SAFFORD – When the weather turns cooler, even those living in the warm state of Arizona need a coat to keep away the nip of the cold.
The First United Methodist Church held its sixth annual coat drive on Friday to help everyone find a coat this winter. There were children’s jackets, baby coats, and adult coats as well. The coat drive was a work of multiple Christian denominations in the Gila Valley, who worked hard to collect coat contributions for those who needed them.
Reverend Sherry Brady, who helped organize the event, said that the First United Methodist Church had worked together with multiple other churches to create the drive.
“We have probably had this coat drive, which we have every October, for five six years in a row now,” Brady said. “I try to get the word out. I have ladies come in here and get coats for five kids,(and) I have single men come.”
There were at least six tables filled with neatly folded jackets and sweatshirts at the drive. The coats were separated neatly into piles for men, women, children and infants. Brady told Gila Valley Central that the coats were all donated by individuals within the community. However, Brady also said that there is an underlying sentiment that went along with the coat drive.
“I want people to know that, number one, we’re the hands and feet of Jesus Christ,” Brady said. “There’s a verse in James that says, don’t say be fed and be warm, and you don’t give them a coat or something to eat. What have you done? You’ve done nothing. This is part of walking your talk. I want people to know that they can depend on Christians, especially from this church, that we’ll have something for them. But this is totally an interdenominational item.”

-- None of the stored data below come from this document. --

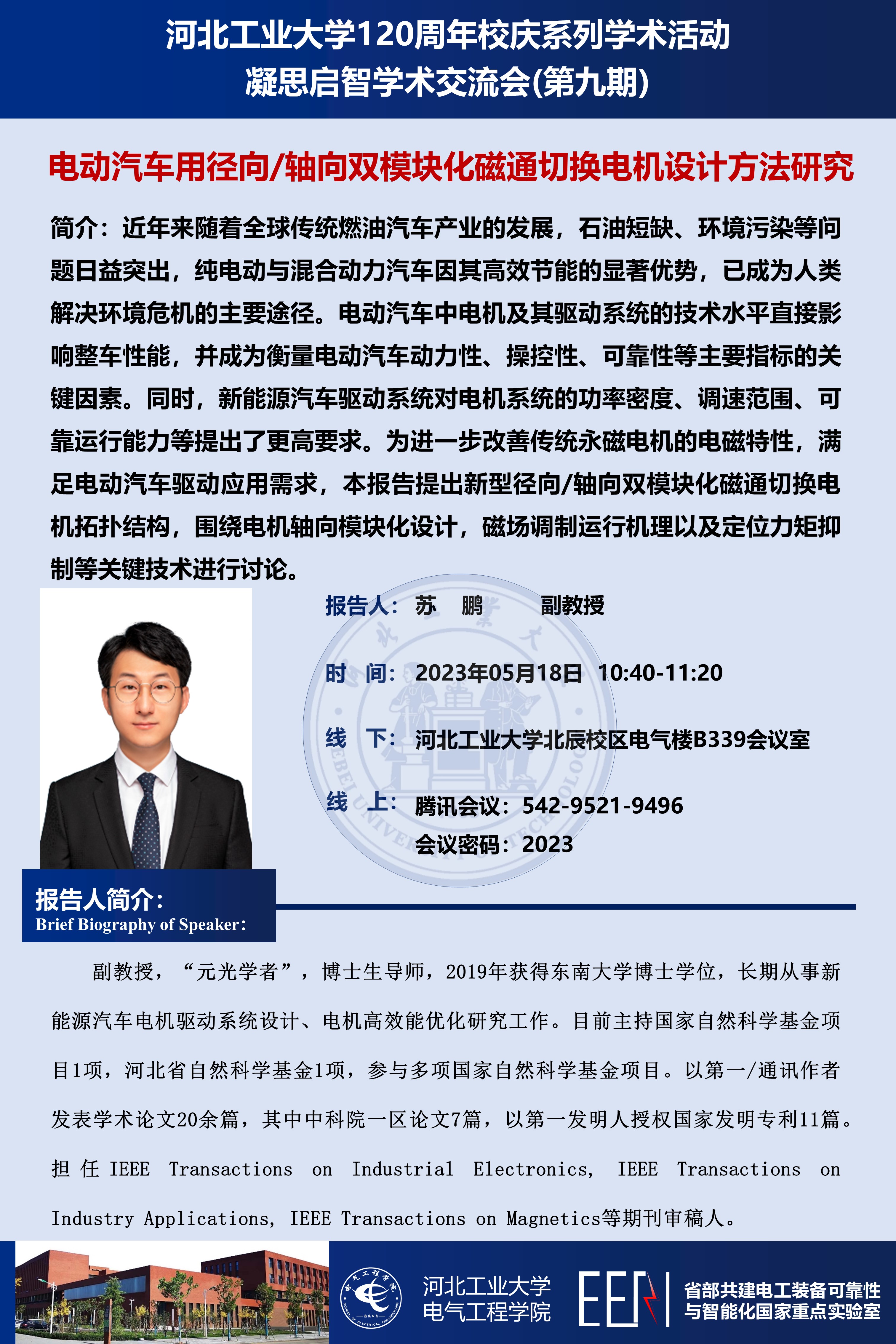 凝思启智学术交流会(第九期):基于基液态金属的柔性器件研究,电动汽车用径向/轴向双模块化磁通切换电机设计方法研究
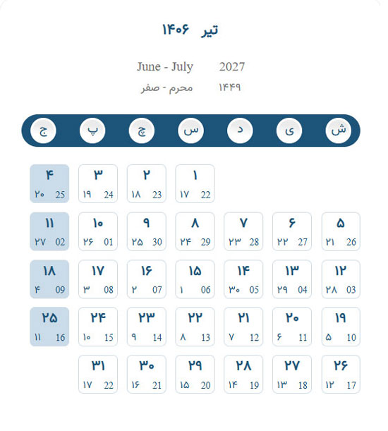 تقویم تیر ۱۴۰۶ – تقویم برج چهار ۱۴۰۶
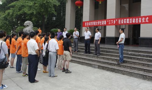 本次“三下乡”实践队伍由“全民健身”服务队、“农民体育健身工程”调研团、“民族民间体育促进社会主义新农村文化建设”服务队、“追寻红色足迹”服务队组成,各服务队以指导带领当地群众开展全民健身活动、考察当地农村和乡镇群众全民健身的开展情况、调查当地体育教师教学训练情况为活动主要内容,同时学院也希望服务队走进延安,了解延安,感受延安精神,接受革命传统教育。
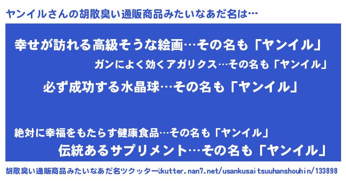 | 肩書あだ名 | 『ヤンイル店長』『ヤンイル総理大臣』 |
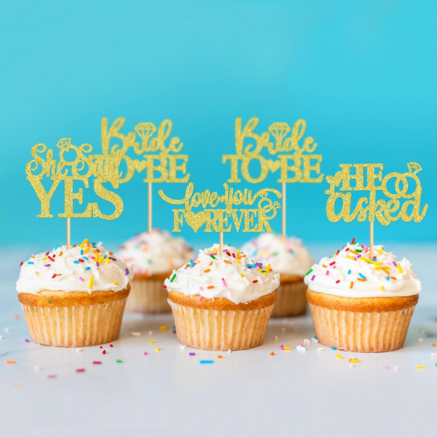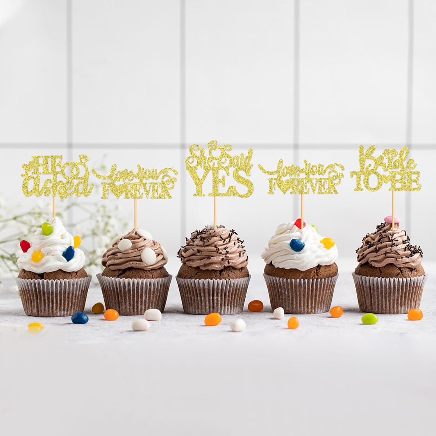 24 Pcs He Asked She Said Yes Cupcake Toppers Cake Picks for Wedding Engagement Party Cake Picks for Wedding Bridal Shower Party Cake Decorations golden
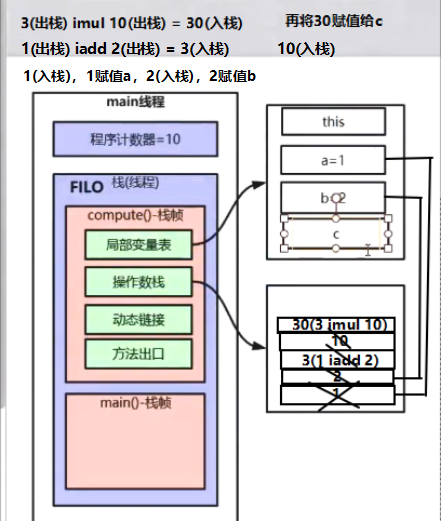 操作数栈:一个后进先出(FILO)的操作数栈,主要用于保存计算过程的中间结果,同时作为计算过程中变量临时的存储空间。
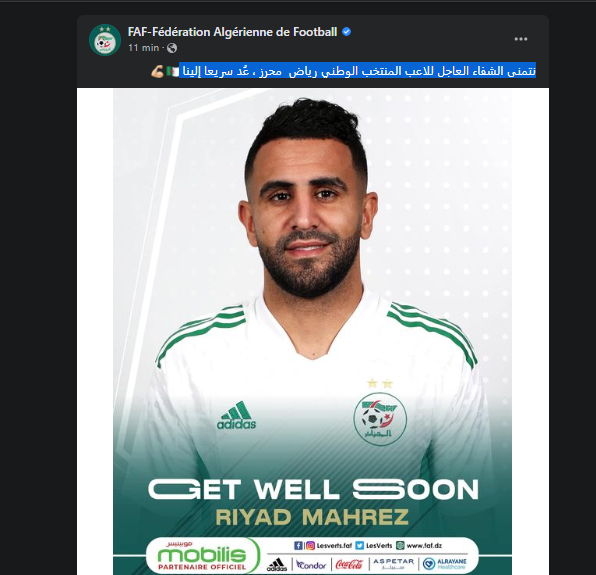 وكتبت الفاف عبر صفحتها الرسمية عبر “الفايسبوك”، اليوم الجمعة:” نتمنى الشفاء العاجل للاعب المنتخب الوطني رياض محرز ، عُد سريعا إلينا”.
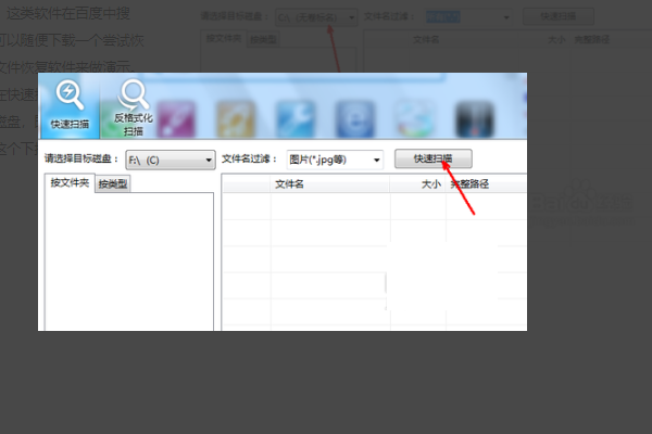 4、现在已经设置好了恢复的参数,现在点击快速扫描这个按钮,即可以开始查找以前删除的文件了。
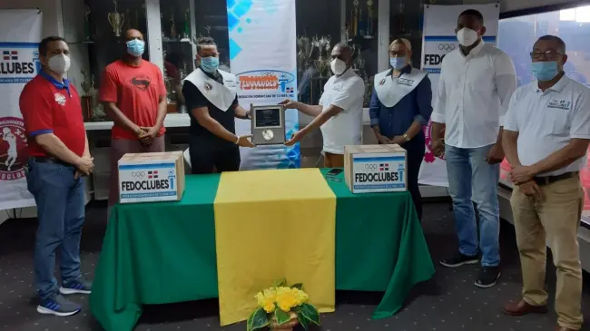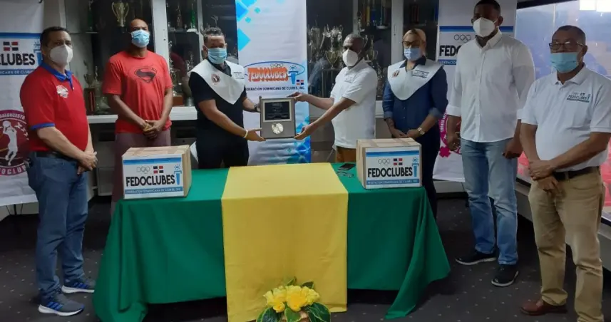 Soriano recibió una placa de reconocimiento de parte de Ramírez en nombre de Fedoclubes, además de una caja con productos alimenticios y un aporte económico.
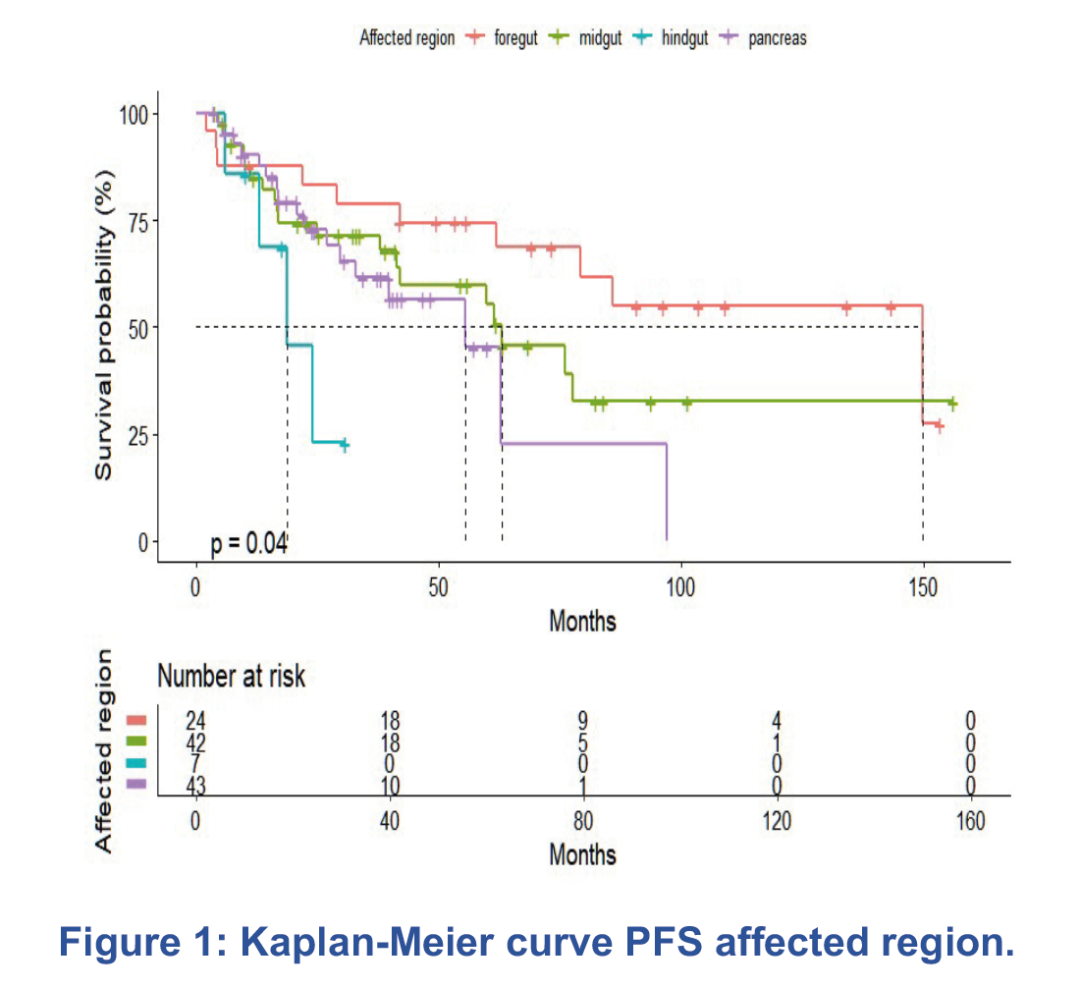 研究结果显示:尽管中位PFS仅为4.4个月,但55% G3 NET患者在SSA单药治疗期间病情稳定, 有1/3的患者有超过8个月的病情稳定期,3名患者在SSA单药治疗中至少延长了24个月的病情稳定期。

Brady also said that there are many people in the community wanting to share with others, but do not know the proper channels. However, some individuals didn’t have used coats to donate, so they bought new coats to contribute.
“I think people generally want to share and don’t know where to do it,” Brady said. “And this is an opportunity to get involved even though they don’t get a coat. We had a couple people that got brand new coats. We were getting them in the bag and putting them out and they had price tags on them.”